+++ Data extract +++

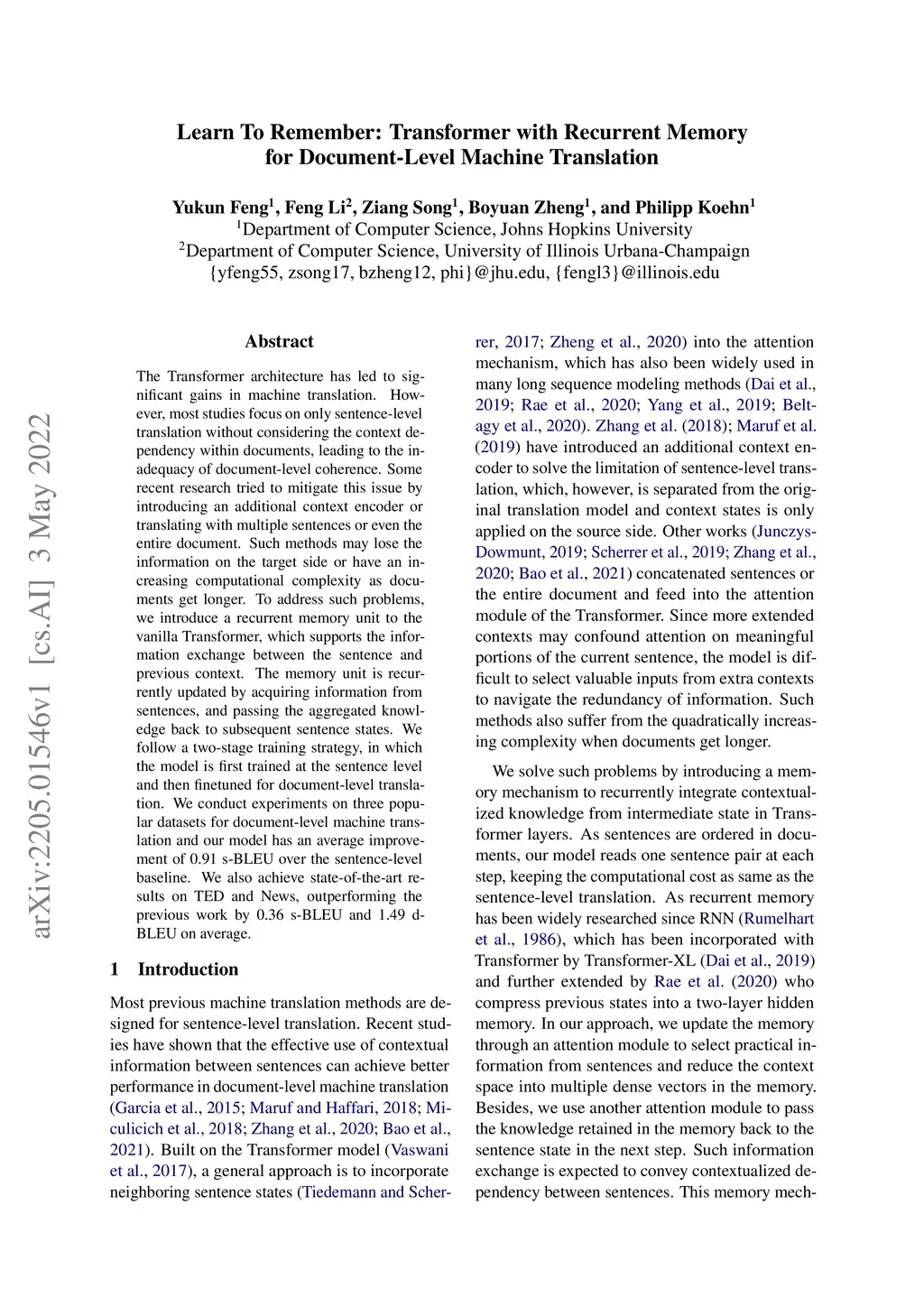 Learn To Remember: Transformer with Recurrent Memory for Document-Level
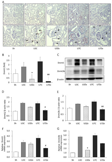 Expression of DNA methyltransferases in obstructed kidneys. (A,B) Representative renal sections stained with DNMT1 (original magnification: upper, ×200; lower, ×400) and quantitative analyses. Arrows and circles indicate positive cells and areas, respectively. (C–E) Western blot and quantitative analyses of DNMT1 and DNMT3b. (F,G) QRT-PCR analysis for DNMT1 and DNMT3b in obstructed kidney tissue after inhibiting DNMT. * p < 0.05 vs. UUO D3 control; # p < 0.05 vs. UUO D7 control; ## p < 0.01 vs. UUO D7 control. Sh, sham-operated group; U3C, UUO at day 3 group; U3Ze, zebularine-treated UUO group at day 3; U7, UUO at day 7 group; U7Ze, zebularine-treated UUO group at day 7.
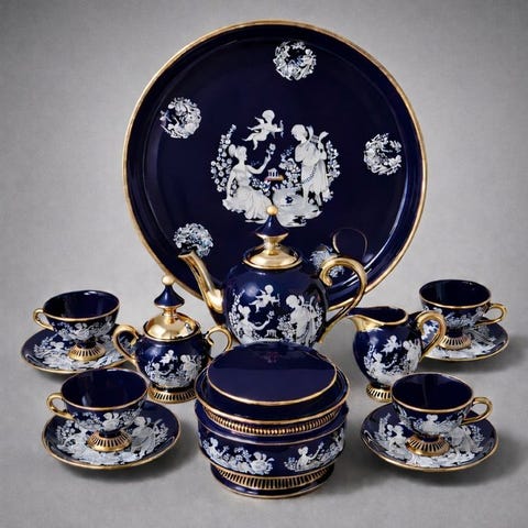 Den er italiensk og håndmalet og fra perioden 1890-1900, så langt over 100 år gammel.
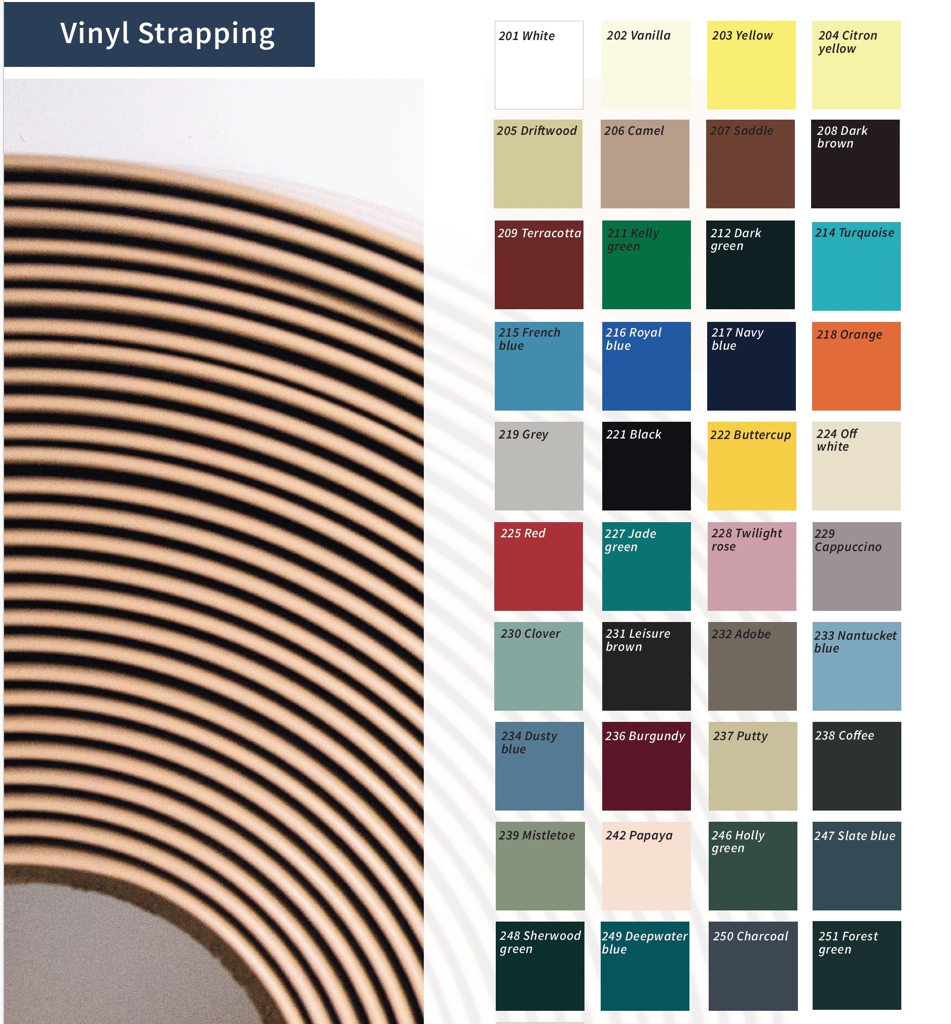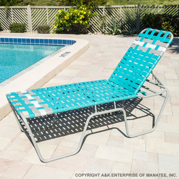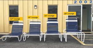 Our Resort strap furniture has 1″ round extrusions and 2″ wide virgin vinyl. It is also double wrapped for ensured strength and durability. It is also specially treated for fade resistance and comes in a variety of colors. Making it a perfect choice for commercial applications
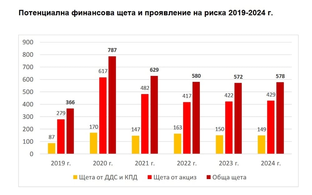През 2024 г. 12.39% от потребеното гориво в България е било нерегистрирано. Това се равнява на 659 млн. литра, за които не са платени налози. Щетата за бюджета в резултат на неплатени акциз и ДДС се оценяват на общо 578 млн. лева за 2024 г., според анализа.
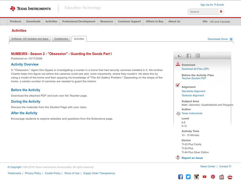 Based off of the hit television show NUMB3RS, this lesson introduces students to the Art Gallery Problem, in which the number of guards necessary to guard a two-dimensional space (the "art gallery") must be found. This lesson keeps the...
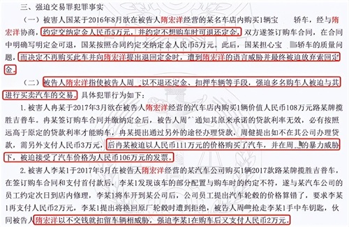根据警方的通报,有群众在隋宏洋所经营的4S店看车时,被以语言恐吓、殴打致伤等各种方式强迫买车,甚至还遭到了非法拘禁。
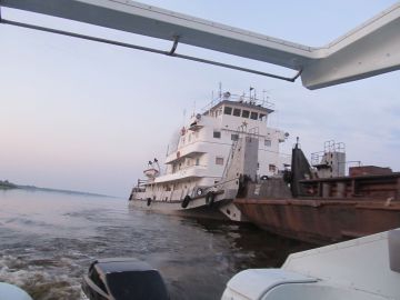 Баржа с буксиром и сухогруз столкнулись в Вологодской области. Обошлось без пострадавших.
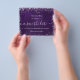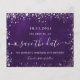 A glamorous Save the Date for a 50th (or any age) birthday party. A purple uneven colored background. Decorated with faux silver glitter dust. The text: Save the Date is written with a large trendy hand lettered style script.
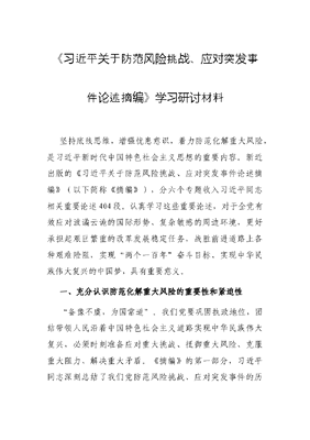 《习近平关于防范风险挑战、应对突发事件论述摘编》学习研讨材料.docx
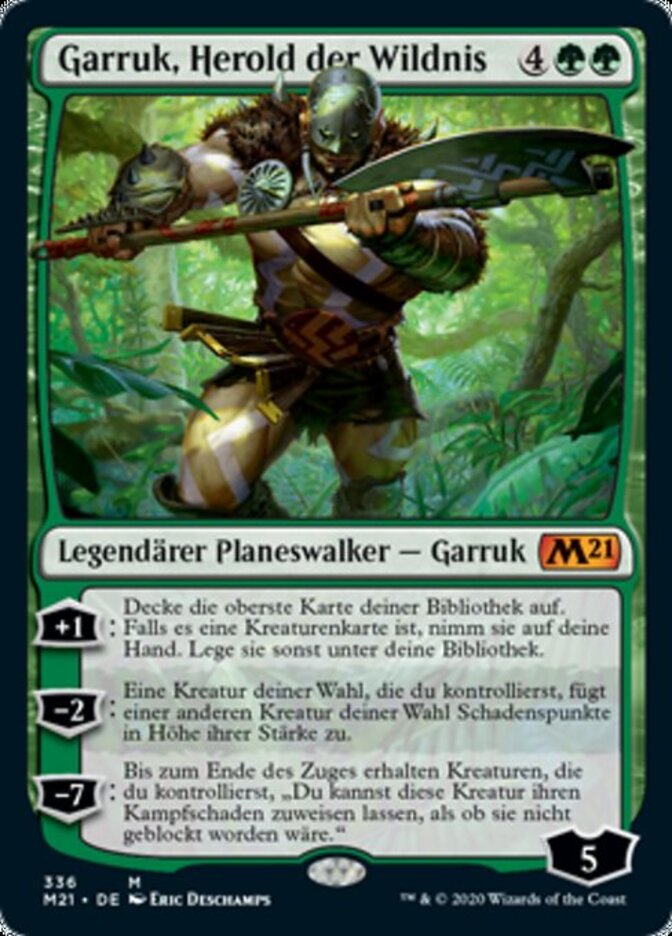 | Rules | +1: Reveal the top card of your library. If it's a creature card, put it into your hand. Otherwise, put it on the bottom of your library. −2: Target creature you control deals damage equal to its power to another target creature. −7: Until end of turn, creatures you control gain "You may have this creature assign its combat damage as though it weren't blocked." |

+++

Work request: You are asked to reproduce each line above exactly, but to exclude the pictures.

Result of this task:
 Learn To Remember: Transformer with Recurrent Memory for Document-Level
 Expression of DNA methyltransferases in obstructed kidneys. (A,B) Representative renal sections stained with DNMT1 (original magnification: upper, ×200; lower, ×400) and quantitative analyses. Arrows and circles indicate positive cells and areas, respectively. (C–E) Western blot and quantitative analyses of DNMT1 and DNMT3b. (F,G) QRT-PCR analysis for DNMT1 and DNMT3b in obstructed kidney tissue after inhibiting DNMT. * p < 0.05 vs. UUO D3 control; # p < 0.05 vs. UUO D7 control; ## p < 0.01 vs. UUO D7 control. Sh, sham-operated group; U3C, UUO at day 3 group; U3Ze, zebularine-treated UUO group at day 3; U7, UUO at day 7 group; U7Ze, zebularine-treated UUO group at day 7.
 Den er italiensk og håndmalet og fra perioden 1890-1900, så langt over 100 år gammel.
 Our Resort strap furniture has 1″ round extrusions and 2″ wide virgin vinyl. It is also double wrapped for ensured strength and durability. It is also specially treated for fade resistance and comes in a variety of colors. Making it a perfect choice for commercial applications
През 2024 г. 12.39% от потребеното гориво в България е било нерегистрирано. Това се равнява на 659 млн. литра, за които не са платени налози. Щетата за бюджета в резултат на неплатени акциз и ДДС се оценяват на общо 578 млн. лева за 2024 г., според анализа.
 Based off of the hit television show NUMB3RS, this lesson introduces students to the Art Gallery Problem, in which the number of guards necessary to guard a two-dimensional space (the "art gallery") must be found. This lesson keeps the...
根据警方的通报,有群众在隋宏洋所经营的4S店看车时,被以语言恐吓、殴打致伤等各种方式强迫买车,甚至还遭到了非法拘禁。
 Баржа с буксиром и сухогруз столкнулись в Вологодской области. Обошлось без пострадавших.
 A glamorous Save the Date for a 50th (or any age) birthday party. A purple uneven colored background. Decorated with faux silver glitter dust. The text: Save the Date is written with a large trendy hand lettered style script.
 《习近平关于防范风险挑战、应对突发事件论述摘编》学习研讨材料.docx
 | Rules | +1: Reveal the top card of your library. If it's a creature card, put it into your hand. Otherwise, put it on the bottom of your library. −2: Target creature you control deals damage equal to its power to another target creature. −7: Until end of turn, creatures you control gain "You may have this creature assign its combat damage as though it weren't blocked." |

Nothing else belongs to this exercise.